We herein describe the use of the STEMCCA lentiviral vector to generate human iPSCs from mononuclear cells isolated from a few milliliters of freshly collected peripheral blood. The protocol can also be used to reprogram frozen PBMCs (obtained directly from the buffy coat), a detail of significant practical implications when utilizing donor cells acquired from a distant location. Before the induction of reprogramming, isolated PBMCs must undergo a critical expansion step that renders a healthy proliferating population of cells more amenable to nuclear reprogramming. This is easily observed by the presence of ‘bunch of grapes-like’ clusters of cells upon expansion in hematopoietic culture conditions. When less than 5×105 cells are transduced, cells may be plated onto one or two wells of a 6-well plate containing MEFs. We have experienced some variability in the time necessary to observe hESC-like colonies, in some cases up to 25 days post-transduction. The use of ROCK inhibitor is critical to enhance the survival and cloning efficiency upon picking of emerging iPSC colonies.

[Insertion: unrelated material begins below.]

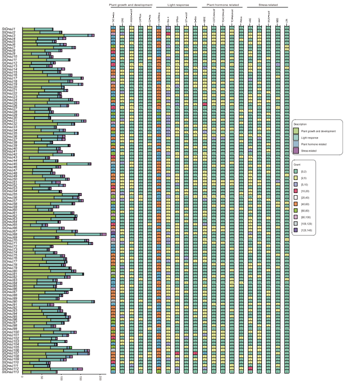 2000 bp启动子区预测发现202个顺式元件,77%成员含ABA响应元件ABRE,66.3%含茉莉酸响应元件CGTCA/TGACG,78.8%含厌氧响应元件ARE。StDnaJ107启动子含ABRE数量最多,与其强诱导表达相关。

Remarkably and in contrast to what we observed when picking colonies from reprogrammed fibroblasts, virtually 100% of picked colonies from reprogrammed PBMCs establish stable iPSC clones that can be expanded and cryopreserved. Finally, we believe that the simplicity of the sample collection combined with the highly efficient and consistent reprogramming approach described herein, represent a bona fide platform for applications in which large numbers of iPSC clones need to be generated.
The authors have nothing to disclose.
These studies were funded in part by NIH UO1HL107443-01 Award to GJM and GM.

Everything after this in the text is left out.